Von Rabbiner S.R. Hirsch, Aus der Mappe eines wandernden Juden:
Wie konnten Sie glauben, lieber N., Ihr Brief würde mich noch in meinen vier Pfählen finden; „der Winter ist vorüber, die Blüten zeigen sich, die Sangeszeit ist da“, und Ihren … duldet es zu Hause? Nein, mein Lieber. Schon als Knabe beneidete ich die Ahnen, wenn mir der Vater sie am Sederabend die Sandalen an den Füßen, die Lenden gegürtet, die Wanderstäbe in den Händen, die Brotbündel auf der Schulter vorführte, und das süßeste Charoßeth hätte ich für einen Trunk Bitterwasser hingegeben, hätte ich vierzig Jahre so mit ihnen im Freien, in der frischen Luft der Wüste wandern können! Glaube ich doch fast, Ihr Stubenhocker alle werdet noch einst dort oben für euer Hocken in der Stube zu büßen haben, und wenn Ihr zum Anschauen der Herrlichkeiten des Himmels Einlaß begehret, wird man Euch fragen: habt Ihr die Gottesherrlichkeiten auf Erden geschaut? Beschämt werdet Ihr dann stammeln: das haben wir versäumt!

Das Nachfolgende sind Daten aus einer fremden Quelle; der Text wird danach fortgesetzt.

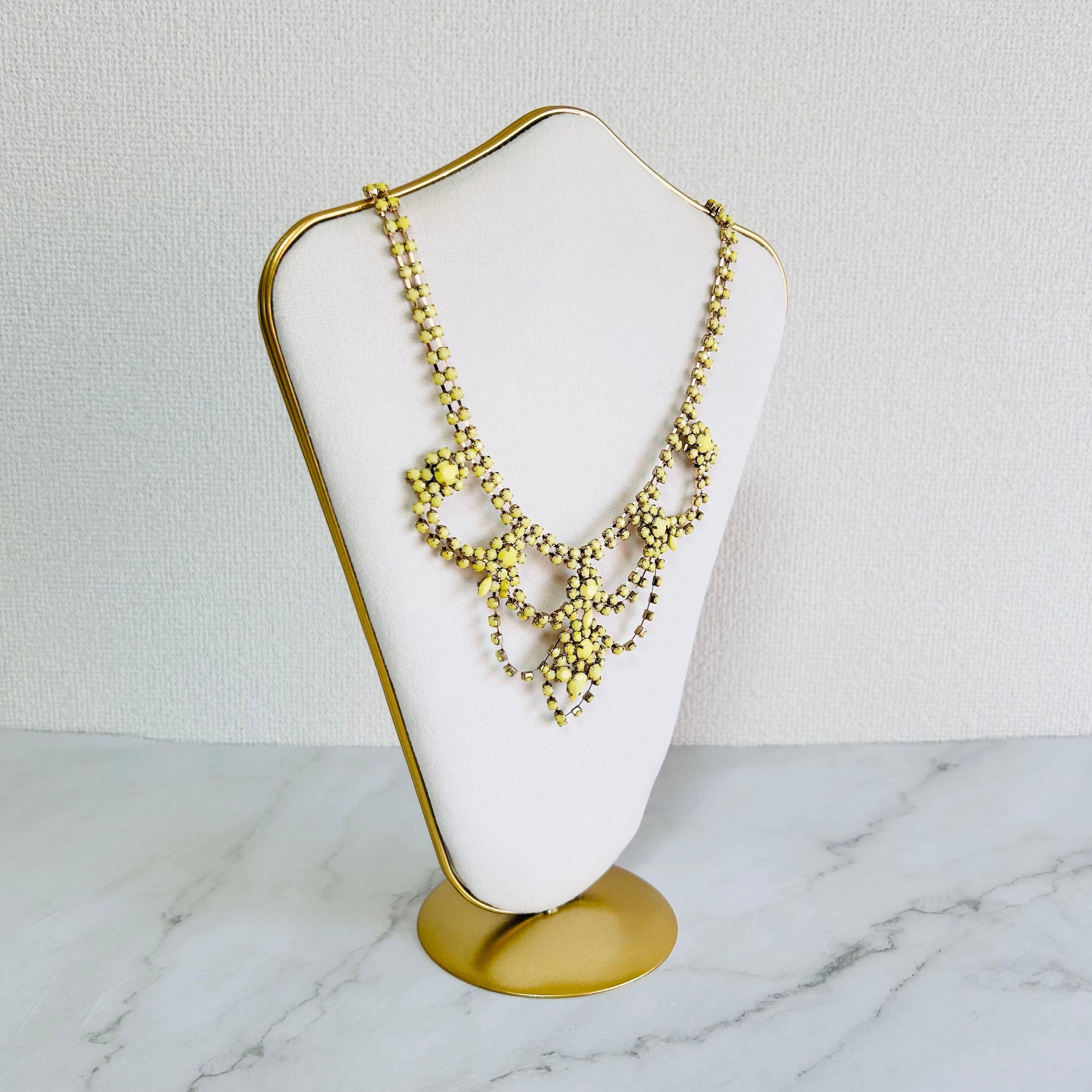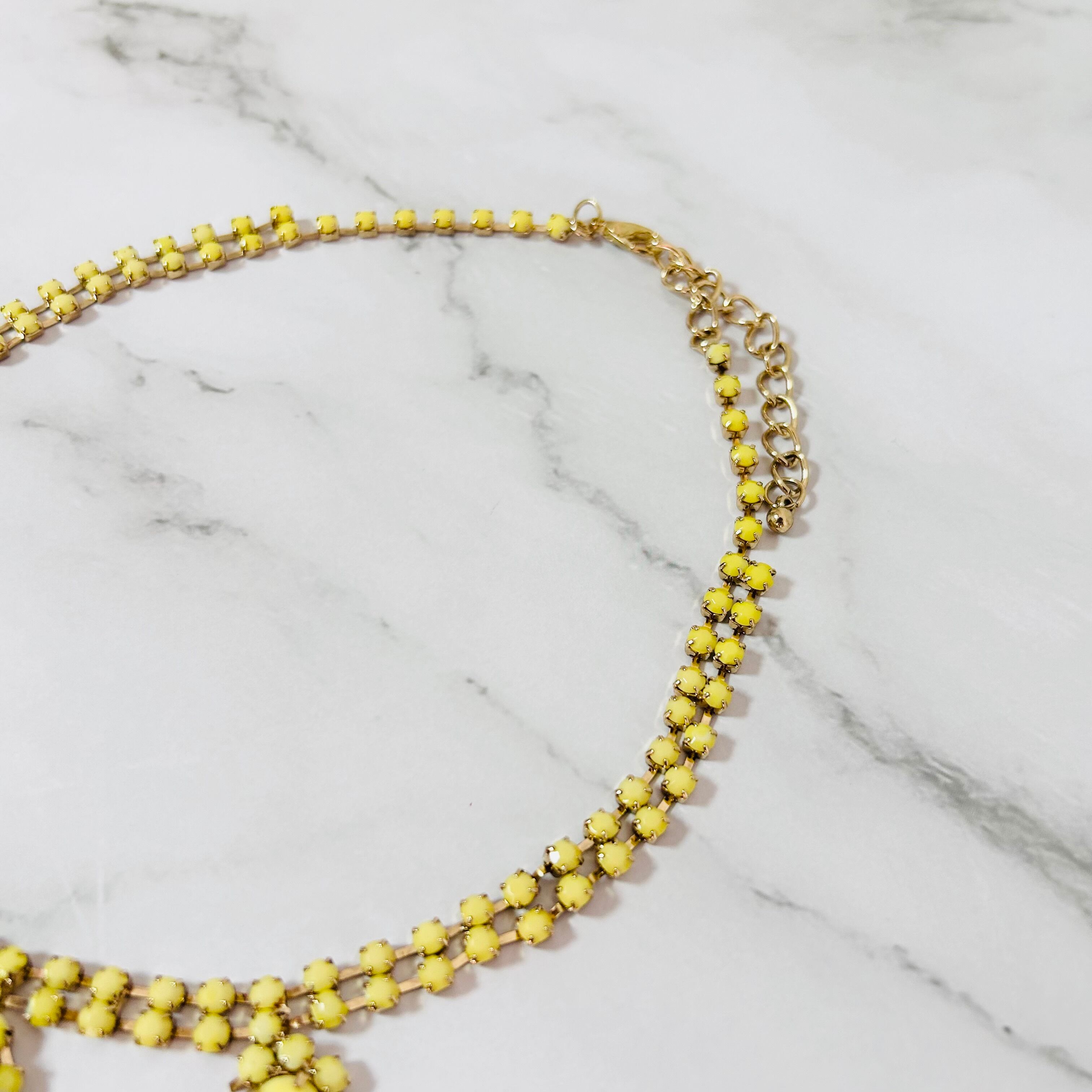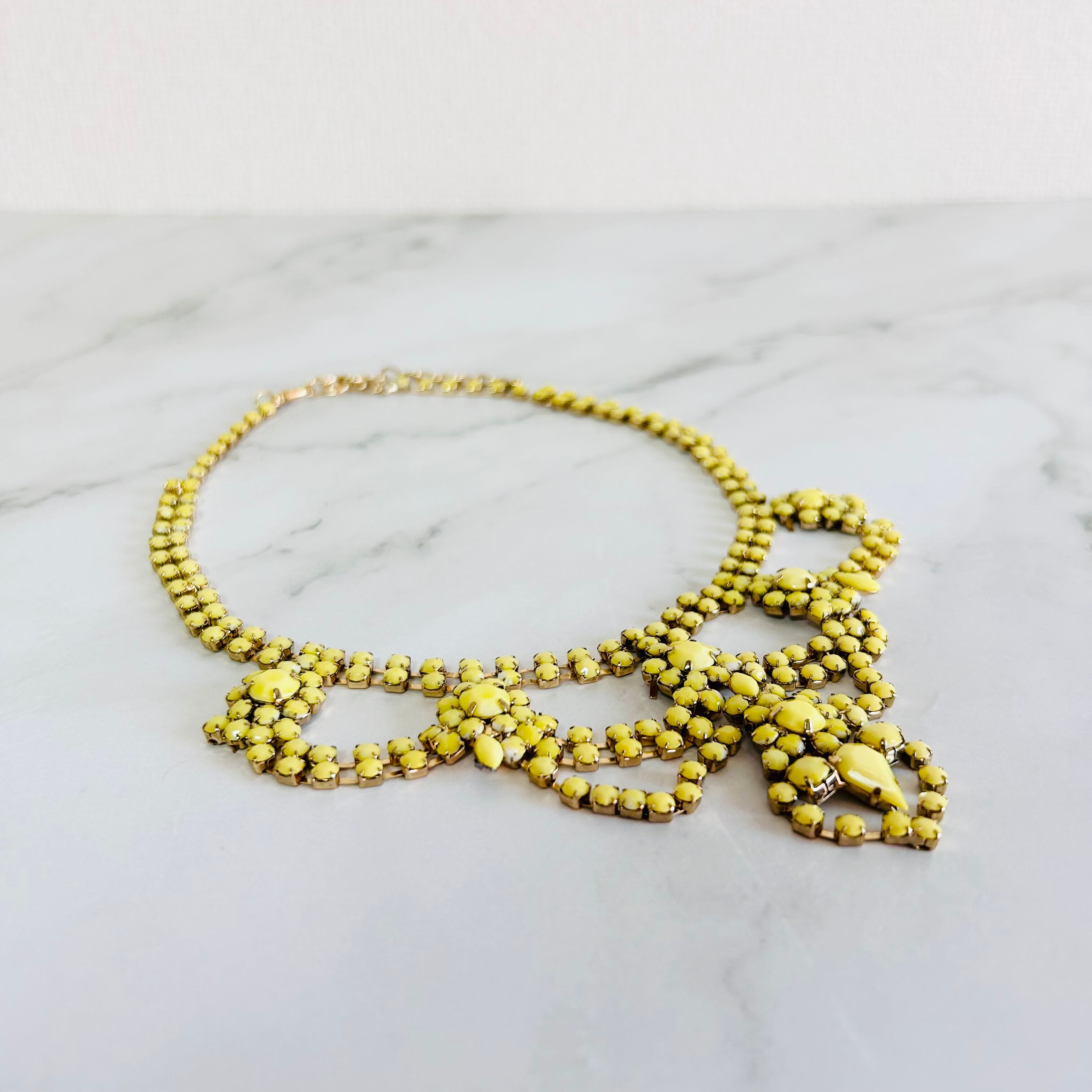 ややまろやかなイエローカラーのビジューが連なる、華やかなデザインネックレスです。

Der letzte Satz scheint mir eine frühere Fassung des ihm zugeschriebenen bekannten Satzes “Hast du Meine Alpen gesehen?” Rabbiner Hirsch schreibt fort:
Was waren unsere alten Rabbinen für andere Männer! Wie haben sie in Gottes herrlicher Natur geatmet und gefühlt, gedacht und gelebt! Wie haben sie unseren Sinn für alles Erhabene und Schöne in der Schöpfung wecken wollen! Wie wollten sie aus Morgenstrahl und Abendröte, aus Tageslicht und Schattennacht, aus Sternenschimmer und Blütenschmelz, aus Meeresraschen und Donnerrollen und Blitzesflug uns den Kranz der Verherrlichung unserem Gotte winden lehren; wie wollten sie in jedem Geschöpfe einen Prediger seiner Macht, einen Mahner an unsere Pflicht uns zuführen; zu welcher Gottesoffenbarung haben sie das Buch der Natur uns gemacht!